The results in Figure 6, presents two distinct brain heatmaps, offering a visual comparison of brain activity under different cognitive states. A heatmap of normal brain activity, characterized by a balanced and uniform distribution of neural activity across various regions of the brain is depicted in Figure 6a. This image serves as a baseline representation of brain function in a relaxed state, with no specific areas showing heightened activity. In contrast, Figure 6b illustrates brain activity under cognitive stress, with a noticeable increase in activity in the frontal lobe. This heatmap highlights the intensified neural activity in the frontal regions, indicative of the brain’s response to stress. The active frontal lobe is clearly demarcated by warmer colors on the heatmap, signifying higher levels of brain activity in this area. This comparison between the two states visually demonstrates the brain’s dynamic response to stress and the significant role of the frontal lobe in managing cognitive load and stress responses.
The results obtained in this study indicate that cognition and emotional responses can be effectively measured using psychophysiological techniques, particularly EEG, as suggested in the research [31]. The utilization of Fp1 and Fp2 electrodes in this context has revealed a correlation between the complexity and difficulty levels of various video games and the increase in gamma band activity, while changes in the alpha band were not significantly evident. This observation confirms that with heightened visual challenges and difficulty in games, there is an associated increase in gamma band activity, providing valuable insights for game designers aiming to create more engaging experiences.
In accordance with the findings documented in [32], the importance of the prefrontal lobe, especially the F3 and F4 regions, in controlling consciousness and emotional responses has been reaffirmed. The study also acknowledges the presence of potential artifacts, such as muscle tension, eye movements, and ambient noise in EEG data. To address these issues, the EEG data in this research were decimated to 128 Hz and subjected to filtering processes, including a notch filter to remove power-line noise in the 49 to 51 Hz range and a high-pass filter for frequencies below 0.2 Hz. Consequently, the processing facilitated the extraction of the five band power features across Delta, Theta, Alpha, Beta, and Gamma frequency bands from the EEG data spanning one-second intervals from each channel.
In light of the importance of the prefrontal lobe in emotion recognition and cognitive processing, future studies could benefit from an advanced electrode setup focused on this region. Utilizing smaller, higher-count electrodes would allow for more precise mapping of brain activity, leading to a better understanding of the neural dynamics associated with cognitive stress. Previous research has highlighted the prefrontal lobe’s critical role in emotion recognition, further emphasizing the need for targeted electrode placement in this area [33]. By optimizing electrode placement and count, we can improve the resolution of our data and gain more detailed insights into the specific neural mechanisms at play.

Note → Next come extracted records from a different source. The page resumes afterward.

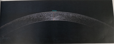 商旭敏副主任告訴我們,小蕓的右眼已經(jīng)是圓錐角膜后期,角膜厚度僅有343,再繼續(xù)發(fā)展下去,就會(huì)水腫破裂。由于圓錐角膜都是雙眼發(fā)病,小蕓的左眼此時(shí)也開(kāi)始出現(xiàn)圓錐角膜的癥狀了。
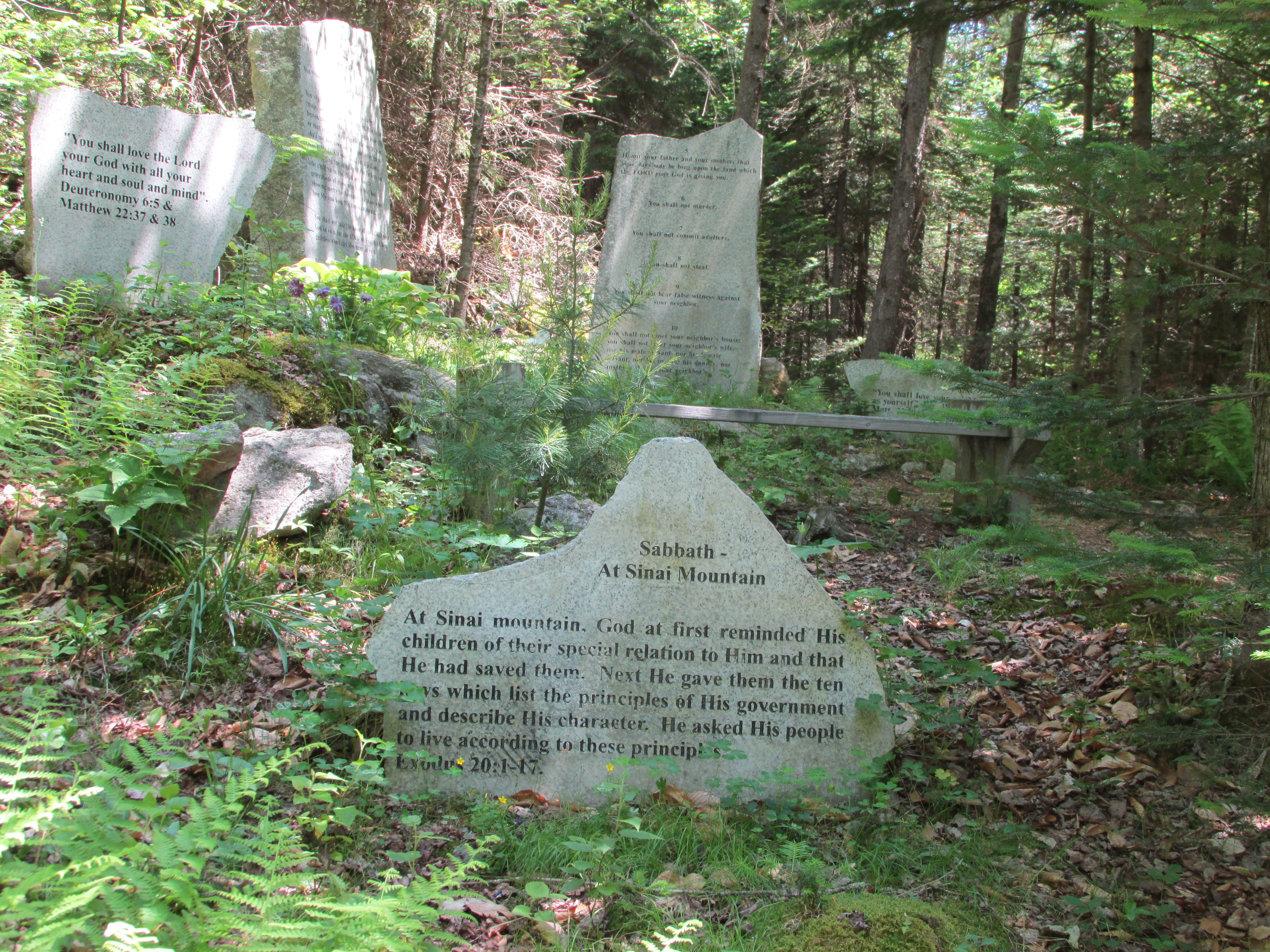 We arrived to find some volunteers clearing up the area and cleaning up the beautiful nature/meditation trail. The trail is about a mile long through the woods with benches to rest on while you read scripture or a bit of the history of the church. It was a cool trail to follow on a hot day.
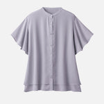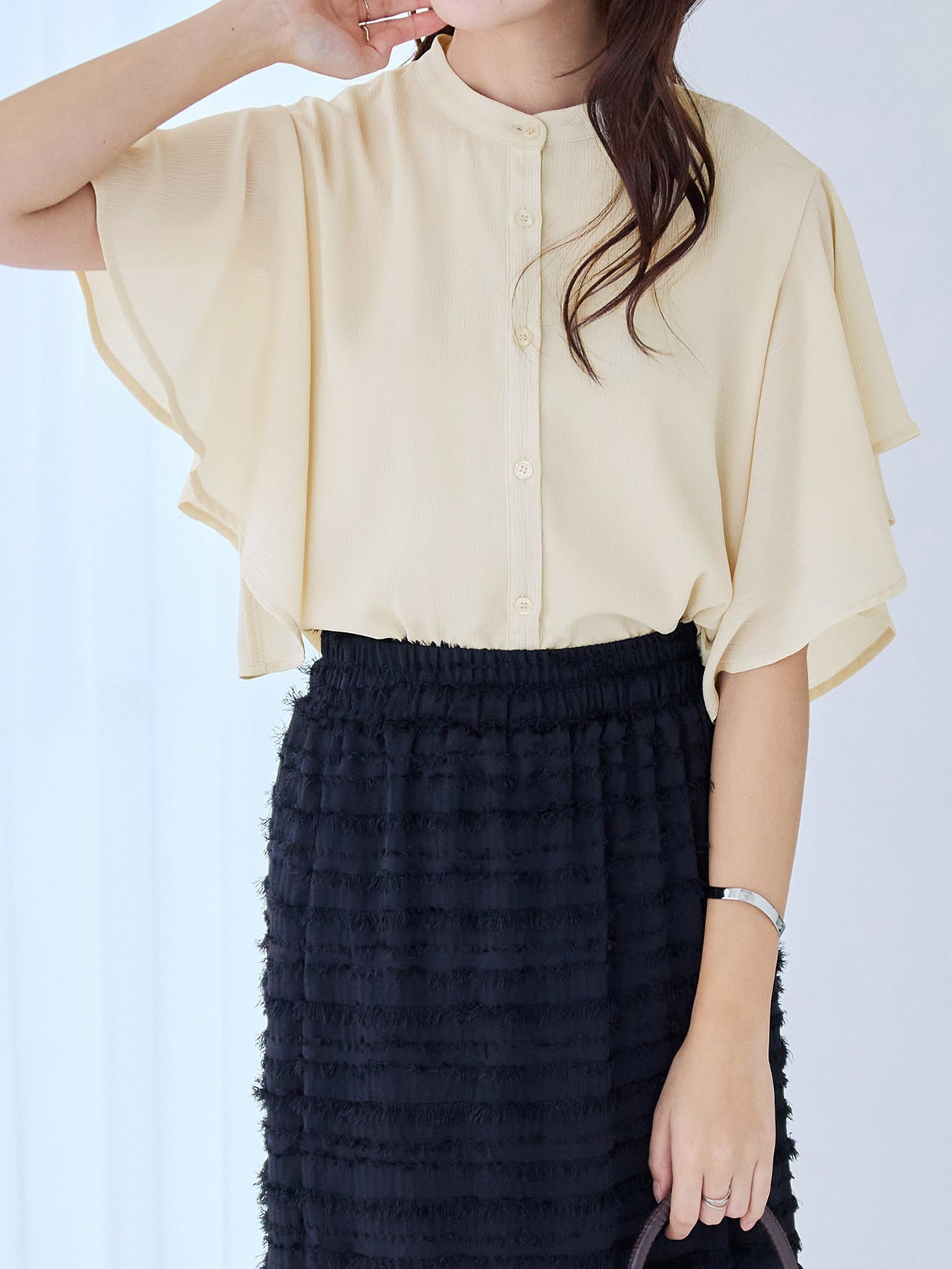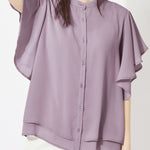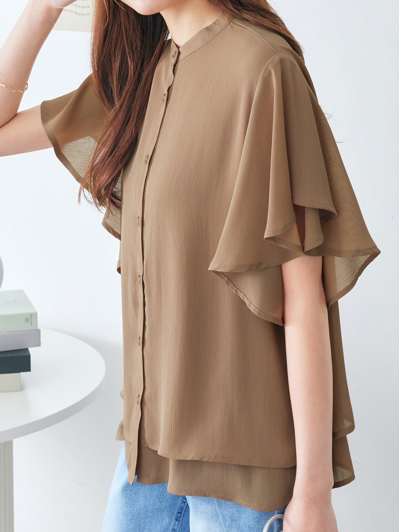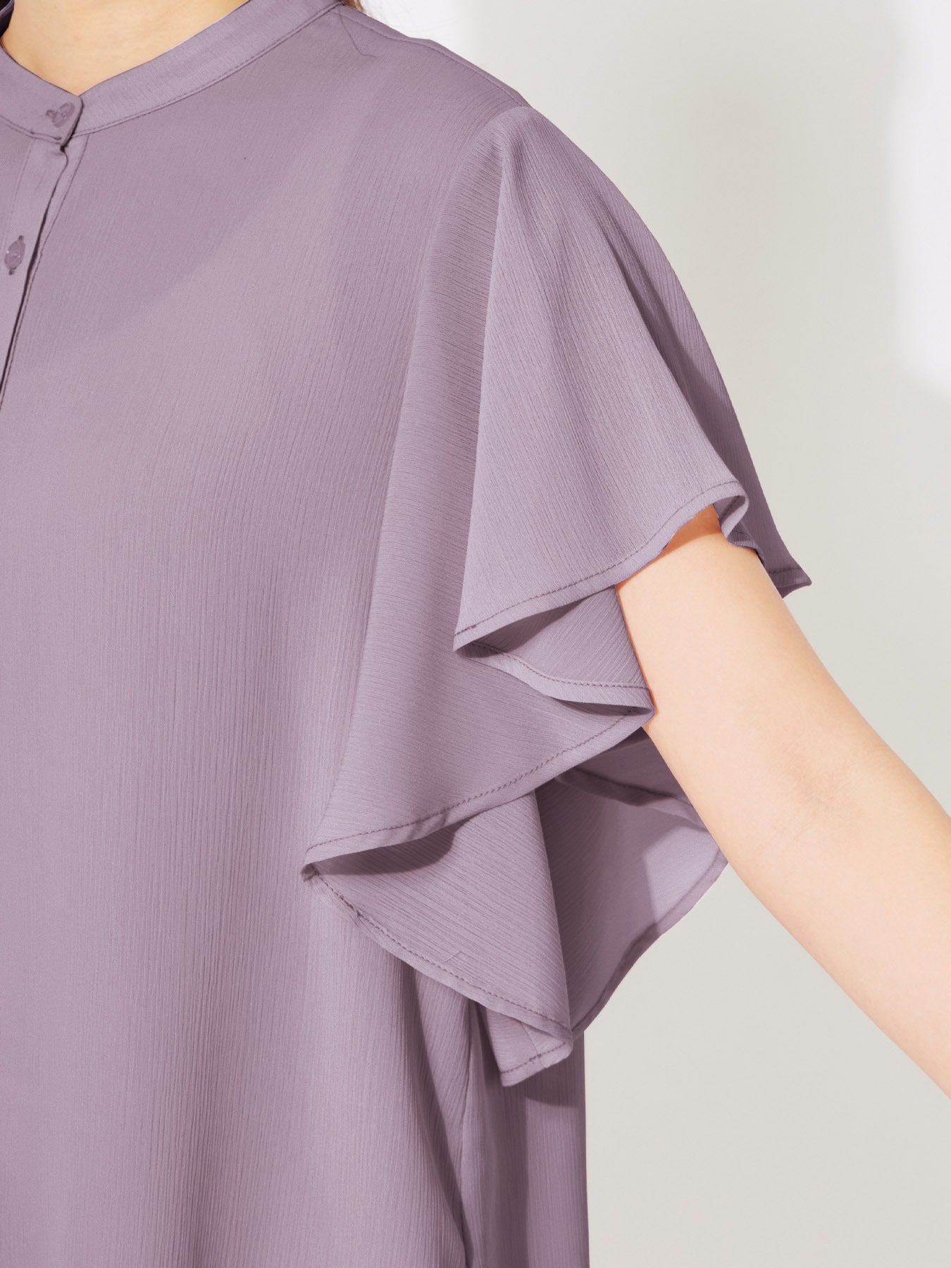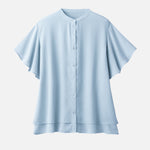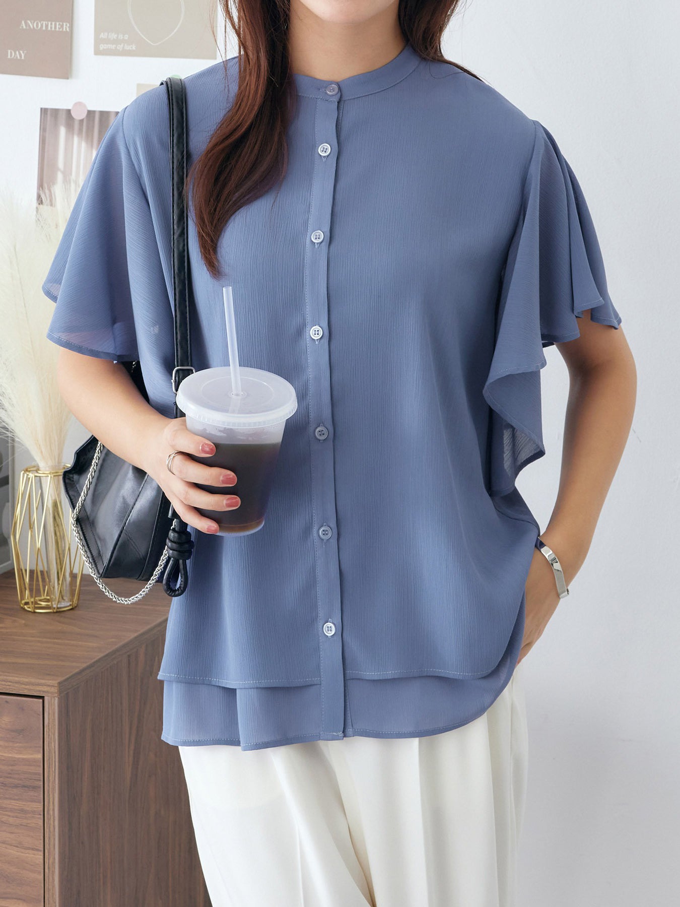 A blouse with a soft texture and a neat band collar that makes it perfect for a sophisticated lady.

3.2. Machine Learning Classification

3.2.1. Pre-Processing

The EEG data are collected using a DSI-24 EEG headset. These data are then transformed into a two-dimensional brain heatmap, offering a visual representation of the subject’s brain activity. To optimize the heatmap for real-time analysis, the resolution is adjusted, and the color palette is standardized. Data augmentation techniques are applied to the heatmaps to simulate varying brain states, including different levels of cognitive stress and relaxation. This process results in a comprehensive dataset suitable for training machine learning models, with each heatmap undergoing normalization to a uniform size for consistency in feature extraction.

3.2.2. Baseline Model

The baseline model for EEG data interpretation does not focus on intricate practical applications, but serves as a foundation for comparing more complex models. The dataset for training this model, as shown in Figure 6, consists of flattened vector representations of the brain heatmaps. Each vector, representing a unique pattern of brain activity, is labeled with the corresponding cognitive state. A machine learning classifier, such as a Support Vector Machine (SVM), is trained to categorize these vectors, distinguishing between different cognitive states based on the heatmap patterns. SVMs have been used in different works for EEG signal classification [34,35].

3.2.3. Feature Extraction Using Local Binary Pattern

In contrast to the baseline model, a more advanced approach involves extracting features from the brain heatmaps using the Local Binary Pattern (LBP) technique, as depicted in Figure 7. LBP is efficient for summarizing texture information in images, including EEG heatmaps and has been used in EEG classification in different applications [36,37]. The method involves dividing each heatmap into regions and computing the LBP for each pixel, creating a binary code that captures the relative intensities in a local area. These binary patterns are then aggregated into histograms, each serving as a distinct signature of the activity in a specific brain region. The LBP histograms, with their reduced dimensionality yet rich information content, serve as input fora SVM model designed to classify different states of brain activity.

3.2.4. Model Evaluation

Model performance, encompassing both the baseline and LBP-based SVM classifiers, is assessed using real-time EEG data. This evaluation, detailed in Table 1, includes metrics computed post-training and testing phases, ensuring the models’ effectiveness in classifying brain states from live EEG readings. The evaluation criteria focus on accuracy, sensitivity, and specificity, providing a comprehensive understanding of each model’s capabilities.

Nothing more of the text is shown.